One way to look at this is that when you see a third-party driver active on the stack when the system crashed, it is like
walking into a room and finding a body on the floor and someone standing over it with a smoking gun in his hand; it doesn't
mean that he is guilty but makes him suspect No.1.
Output from lmvm (or by selecting myfault)
Knowing the name of a suspect is not enough; you need to know where
he lives and what he does. That's where lmvm comes in.
It provides a range of data from this image path (not all drivers
live in %systemroot%\system32\drivers.), time stamp, image
size and file type (in this case a driver) to the company that made
it, the product it belongs to, version number and description.
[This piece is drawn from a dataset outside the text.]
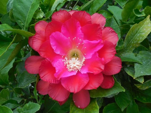 einfarbig johannisbeerrot mit orangem Mittelstreifen. |

Some companies even include contact information for technical
support. What the debugger reports, though, is solely dependent
upon what the developer included, which, in some cases, is very
little.
After you find the vendor's name, go to its Web site and check for
updates, knowledge base articles, and other supporting
information. If such items do not exist or do not resolve the
problem, contact them. They may ask you to send along the debugging
information (it is easy to copy the output from the debugger into an
e-mail or Word document) or they may ask you to send
them the memory dump (zip it up first, both to compress it and
protect data integrity).
If you have any questions regarding the use of WinDbg, check out the
WinDbg help file. It is excellent. And, when reading
about a command be sure to look at the information provided about the
many parameters such as "-v" which returns more (verbose)
information.
The other third
While it's true that, by following the instructions above, you'll likely know the cause of two out of three crashes immediately;
that does leave that annoying other third. What do you do then? Well, the list of what could have caused the system failure
is not short; it can range from a case fan failing, allowing the system to overheat, to bad memory.
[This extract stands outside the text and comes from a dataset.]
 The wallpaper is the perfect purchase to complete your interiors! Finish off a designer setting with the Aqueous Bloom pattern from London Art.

Sometimes it's the hardware
If you have recurring crashes but no clear or consistent reason, it may be a memory problem. Two good ways to check memory
are the Windows Memory Diagnostic tool and Memtest86. Go to Control Panel and enter "memory" into its search box then select
"Diagnose your computer's memory problems".
This simple diagnostic tool is quick and works great. Many people discount the possibility of a memory problem, because they
account for such a small percentage of system crashes. However, they are often the cause that keeps you guessing the longest.
Is Windows the culprit?
In all probability: no. For all the naysayers who are quick to blame
Redmond for such events, the fact is that Windows is
very seldom the cause of a system failure. But, if ntoskrnl.exe
(Windows core) or win32.sys (the driver that is most responsible
for the "GUI" layer on Windows) is named as the culprit -- and they
often are - don't be too quick to accept it. It is far
more likely that some errant third-party device driver called upon a
Windows component to perform an operation and passed
a bad instruction, such as telling it to write to non-existent
memory. So, while the operating system certainly can err, exhaust
all other possibilities before you blame Microsoft.
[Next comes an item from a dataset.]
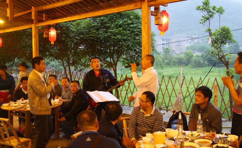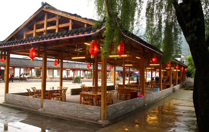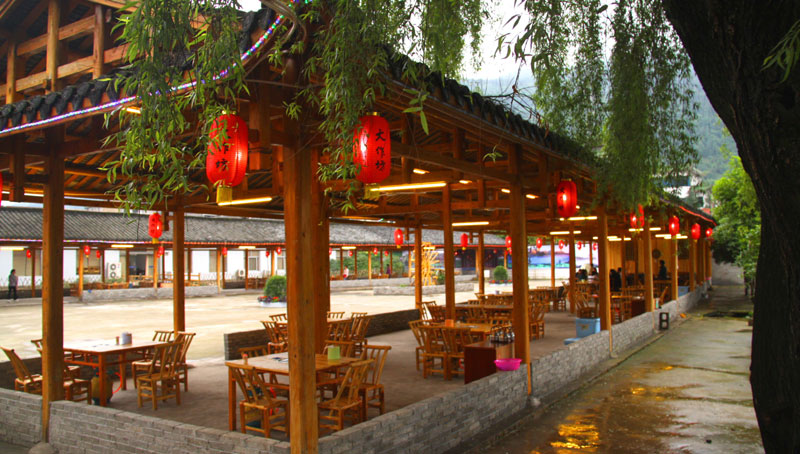 張家界武陵源大作坊美食城是一家集垂釣休閑,特色餐飲,夜市為一體的大型風味美食城!位于風景如畫的武陵源風景區(qū)區(qū)政府所在地,占地3000多平方米,可同時容納400多人就餐。這里也是景區(qū)內(nèi)匯集土家美食,苗家美食的第一坊!美食城按純木四合院建造,內(nèi)設(shè)酒作坊,豆腐作坊,臘味作坊,糍粑作坊,有垂釣區(qū),燒烤區(qū),菜品自助區(qū),客人廚藝展示區(qū),農(nóng)產(chǎn)品展銷區(qū)等。酒作坊內(nèi)聘請了民間煮酒大師現(xiàn)場煮酒,你有機會可以現(xiàn)場吃到熱乎乎的頭鍋酒,酒坊內(nèi)有純米酒,包谷燒,高梁酒,有用野果泡制的各種果酒---燈籠酒,楊梅酒,彌猴桃酒等,更有特色的是把高梁酒放在正在生長的楠竹內(nèi),用竹內(nèi)竹膜的香味把酒增香,十二天就把竹子砍下再放養(yǎng)三天就好了,客人要吃現(xiàn)場鋸竹筒酒吃!豆腐坊也是聘請民間老農(nóng)現(xiàn)場用自制的石磨做豆腐,在這里你可以吃到真正有豆香味的原汁原味的石磨豆腐,和渣,菜豆腐,豆腐腦等豆制品!臘味作坊里有冬天用各種香料熏制的正宗湘西藏臘肉,臘豬頭肉,臘香腸,臘豬腳,各種臘制品臘野味等。糍粑坊每天在晚上人多用餐高峰時現(xiàn)場打滋粑,客人也可以自己參與打糍粑這個快樂的過程,想受過年時才有的熱鬧情景!在垂釣區(qū)里我們放養(yǎng)有很多野生魚類,有時間了你可以來這里休閑垂釣,得到的魚我們就會給你現(xiàn)場加工,有清沌的,紅燒的,青椒燜的,酸湯的,都很好吃哦。燒烤區(qū)里,我們高薪聘請了燒烤大師為你現(xiàn)場制做,你也可以自己動手,有烤羊排羊腿,各種串烤,烤全魚,烤全兔等,還有各種鐵板烤可以自己炒著吃!菜品自己選區(qū)里有各種山野菜,壇子菜,干菜,臘味等,有各種鮮活的魚類,河蛘,水魚,田螺,龍蝦等,有各種農(nóng)家的土雞土鴨等,有各種鮮活的野味等你來享受美味呢!客人廚藝展示區(qū)里老板特設(shè)制地幾口大鍋, 很有特色的是, 你可以自己親自下廚, 酸甜苦辣任您自由調(diào)配 。 煮好了, 大家就圍著這“灶臺”合一的飯桌享受張家界的美食了。(張家界的三下鍋是很有特色的,是邊煮邊吃的, 只是這“三下鍋”是“大型三下鍋”而已。到張家界旅游,吃張家界的“三下鍋”是一種獨有的旅游體驗,到大作坊吃“大型三下鍋”,則更將會為你的旅程增添一份難得的回味。農(nóng)產(chǎn)品展銷區(qū)里展示著當?shù)鼗蛳嫖鞯貐^(qū)最暢銷的農(nóng)產(chǎn)品食品:正宗湘西鄉(xiāng)里臘肉,香腸,各種臘制品,洗車河霉豆腐,靈潔牌剁椒辣醬系列,菌油,正宗茶籽油,苗家酸湯,鄉(xiāng)里正宗葛粉,大壇湘西五糧液,竹簡敲敲酒,張家界茅巖霉茶,野生蜂蜜,高山葛粉,張家界第一山珍巖耳,葛根片等等! 武陵源大作坊美食城是武陵源景區(qū)規(guī)模最大,品種最多,環(huán)境最優(yōu)雅的休閑美食城。有各式小炒火鍋,岳陽特色燒烤系列,鐵板燒系列,鴨霸王系列,潮州特色砂鍋粥系列,涼菜醬菜系列,湘西地方特色小吃系列等。美食城整晚邀請著名的流浪歌手阿彪為你獻歌助興,并可同阿彪歌聲互動,在這里你可以放下一天的疲勞,拋開一身鎖事,度過美好的每一分鐘......武陵源夜市大作坊,是張家界旅游體驗的重要一站,它受到如此多的游客的熱捧,是因為,在這里能釋懷,是因為在這里,能體驗張家界旅游的文化內(nèi)涵, 是因為在這里,能給你一個自由的空間......

What about my antivirus driver?
Often you may see an antivirus driver named as the culprit but there
is a good chance it is not guilty. Here's why: for antivirus
code to work it must watch all file openings and closings. To
accomplish this, the code sits at a low layer in the OS and
is constantly working so that he will often be on the stack of
function calls that was active when the crash occurred.
Missing vendor information?
Some driver vendors don't take the time to include sufficient information with their modules. So if lmvm doesn't help, try
looking at the subdirectories on the image path (if there is one). Often one of them will be the vendor name or a contraction
of it. Another option is to search Google. Type in the driver name and/or folder name. You'll probably find the vendor as
well as others who have posted information regarding the driver.